#### [Data to process]
"""

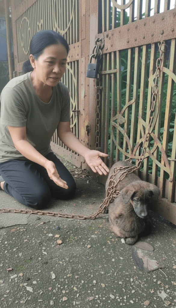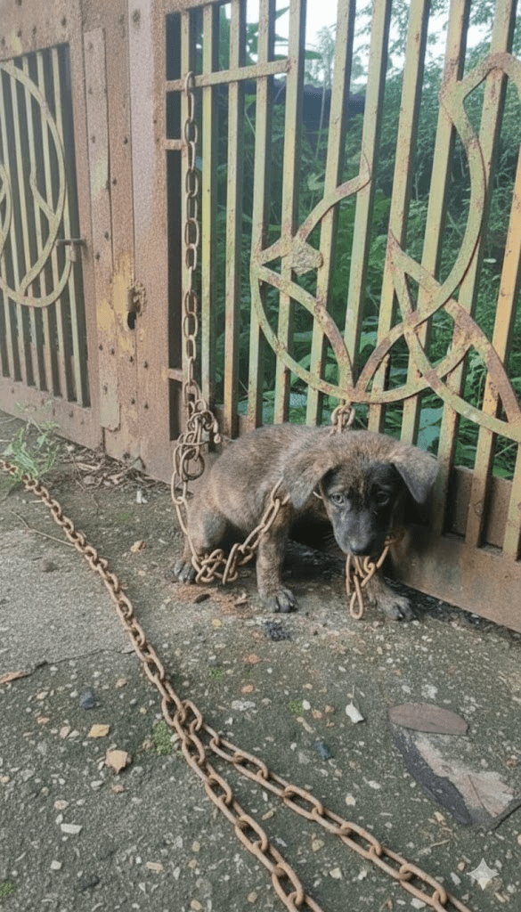 The morning mist still clung to the rusty gates, blurring the edges of a scene that would forever be etched in the memory of those who witnessed it. There, amidst the encroaching weeds and the silence of a forgotten path, sat a tiny, brindle-coated puppy. A heavy, corroded chain, clearly too substantial for its frail form, was wrapped around its neck, tethering it cruelly to the cold, unforgiving metal. Its eyes, dark and glistening with unshed tears, held a depth of sorrow that belied its tender age. Each whimper was a tiny plea, a fragile echo in the vast, indifferent world.
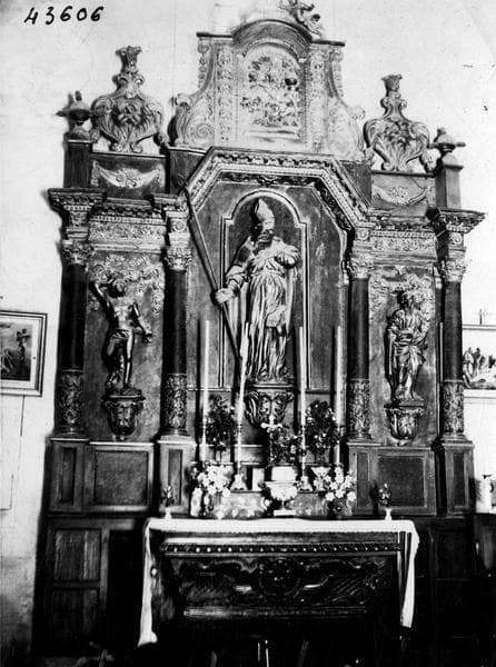 retable de l'autel Saint-Clair, 3 statues : saint Clair, un apôtre, saint Sébastien
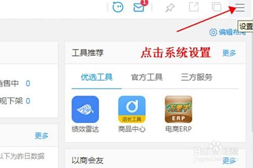 登录成功后,在页面的右上角点击倒数第一个图标像(三)这样的标志,点击系统设置。
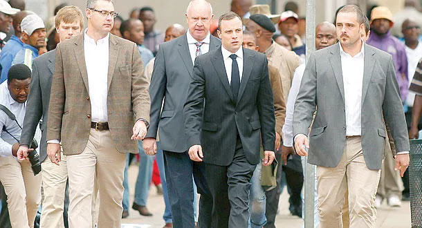 بيستوريوس مع فريق الدفاع أثناء وصولهم لمبنى المحكمة في بريتوريا (رويترز)
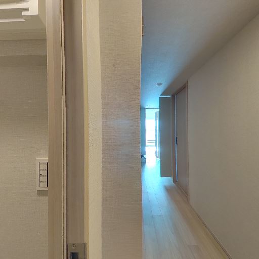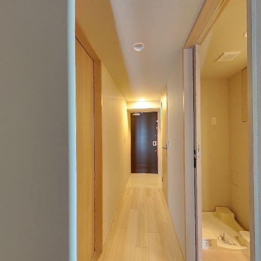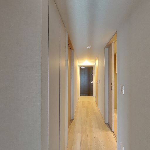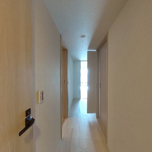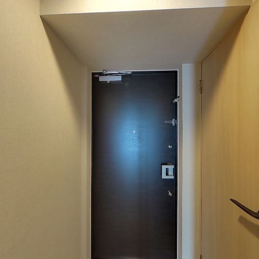 • 廊下の明るさと動線(確度73%):玄関方向に照明が点いており、一直線の廊下で各室への出入り口が左右に配置。床は明るい木目で清潔感がある。
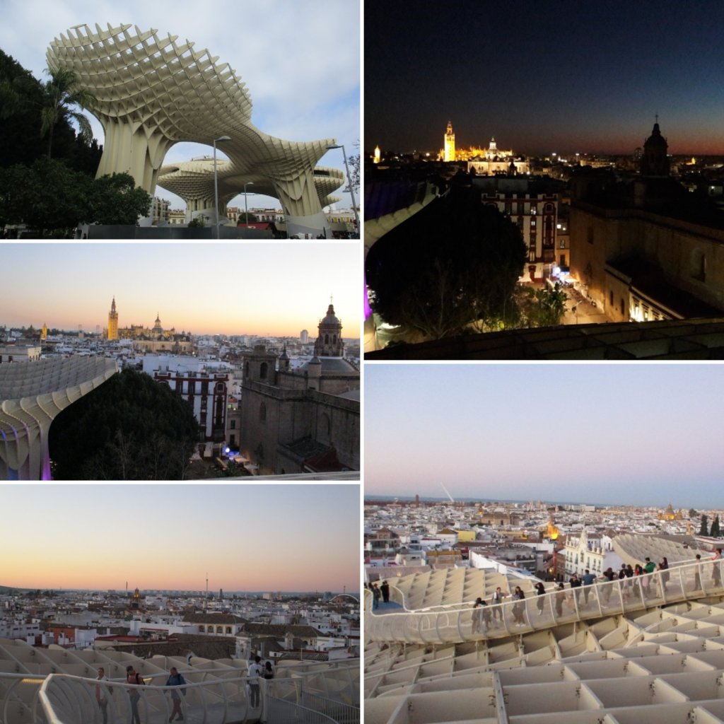 E como a hora do pôr do sol estava a chegar, depois do check-in no hotel, fui até ao Metropol Parasol, que ficava a cerca de 700 metros e nada melhor do que apreciar uma cidade pela primeira vez das alturas e quando o sol se põe!!
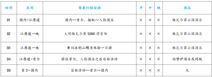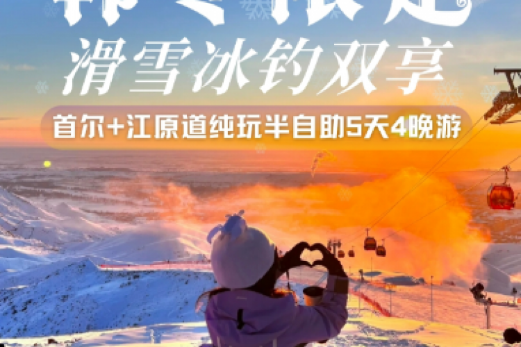 韩国首尔5日4晚跟团游·韩冬限定4-8人精致小团【目的地参团】首尔+江原道滑雪冰钓双享体验之旅-大明维瓦尔第SONO滑雪场-崋川冰钓山鳟鱼体验-指定3晚入住5鉆酒店维瓦尔第公园酒店+1晚首尔市内4鉆酒店

"""

#### [Exercise aim]
Pictures don't belong in the copy. Retype exactly the lines from the one with "登录成功后,在页面的右上角点击倒数第一个图标像(三)这样的标志,点击系统设置。" through the last line of the records.

#### [Solved problem]
 登录成功后,在页面的右上角点击倒数第一个图标像(三)这样的标志,点击系统设置。
 بيستوريوس مع فريق الدفاع أثناء وصولهم لمبنى المحكمة في بريتوريا (رويترز)
 • 廊下の明るさと動線(確度73%):玄関方向に照明が点いており、一直線の廊下で各室への出入り口が左右に配置。床は明るい木目で清潔感がある。
 E como a hora do pôr do sol estava a chegar, depois do check-in no hotel, fui até ao Metropol Parasol, que ficava a cerca de 700 metros e nada melhor do que apreciar uma cidade pela primeira vez das alturas e quando o sol se põe!!
 韩国首尔5日4晚跟团游·韩冬限定4-8人精致小团【目的地参团】首尔+江原道滑雪冰钓双享体验之旅-大明维瓦尔第SONO滑雪场-崋川冰钓山鳟鱼体验-指定3晚入住5鉆酒店维瓦尔第公园酒店+1晚首尔市内4鉆酒店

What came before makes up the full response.